-- Available data follows --

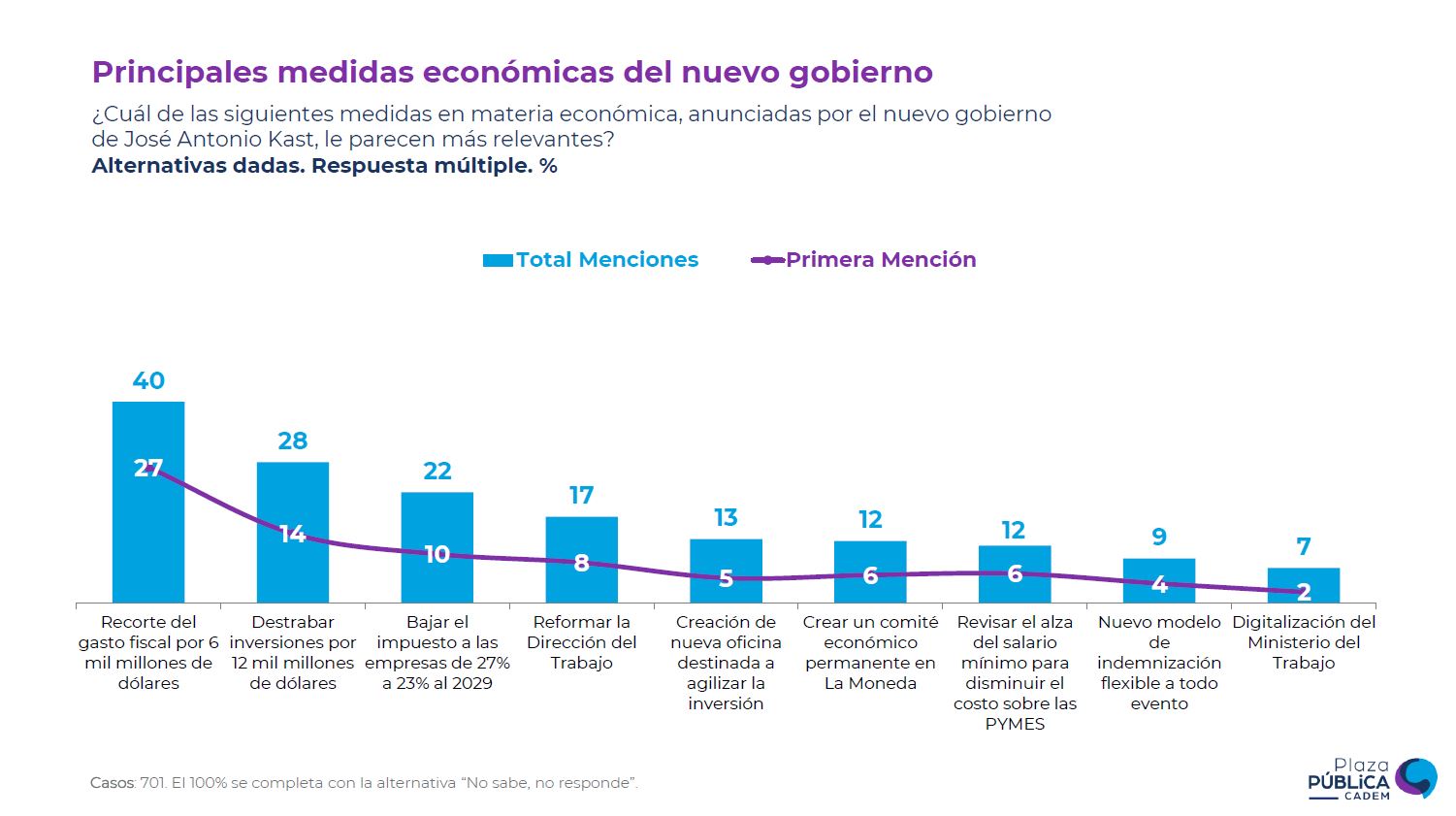 Ante la pregunta "¿Cuál de las siguientes medidas en materia económica, anunciadas por el nuevo gobierno de José Antonio Kast, le parecen más relevantes?", los 701 participantes de la encuesta contestaron de la siguiente forma:
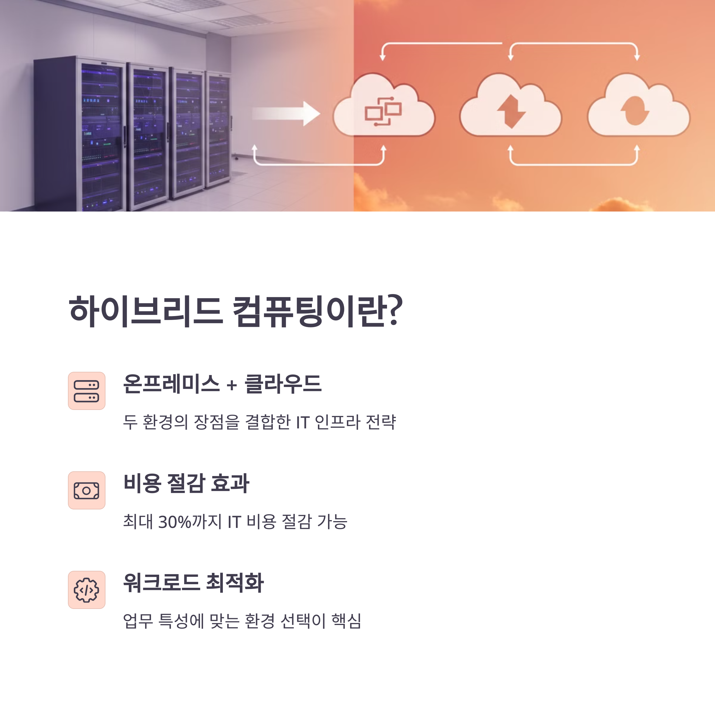 하이브리드 컴퓨팅이란 온프레미스(자체 서버)와 클라우드 환경을 함께 활용하는 방식을 말합니다. 이런 접근 방식은 각 환경의 장점을 최대한 활용할 수 있게 해주죠.
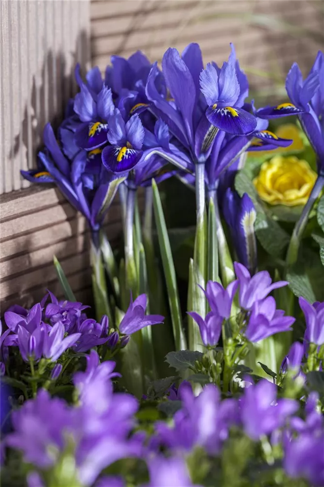 Zusammengepflanzt mit Seerosen-Tulpe bildet die Zwiebel-Schwertlilie einen harmonischen Anblick.

-- Available data concluded --

__Problem to work on__.
For this exercise, return the material word for word and drop each image.

__Written answer__.
 Ante la pregunta "¿Cuál de las siguientes medidas en materia económica, anunciadas por el nuevo gobierno de José Antonio Kast, le parecen más relevantes?", los 701 participantes de la encuesta contestaron de la siguiente forma:
 하이브리드 컴퓨팅이란 온프레미스(자체 서버)와 클라우드 환경을 함께 활용하는 방식을 말합니다. 이런 접근 방식은 각 환경의 장점을 최대한 활용할 수 있게 해주죠.
 Zusammengepflanzt mit Seerosen-Tulpe bildet die Zwiebel-Schwertlilie einen harmonischen Anblick.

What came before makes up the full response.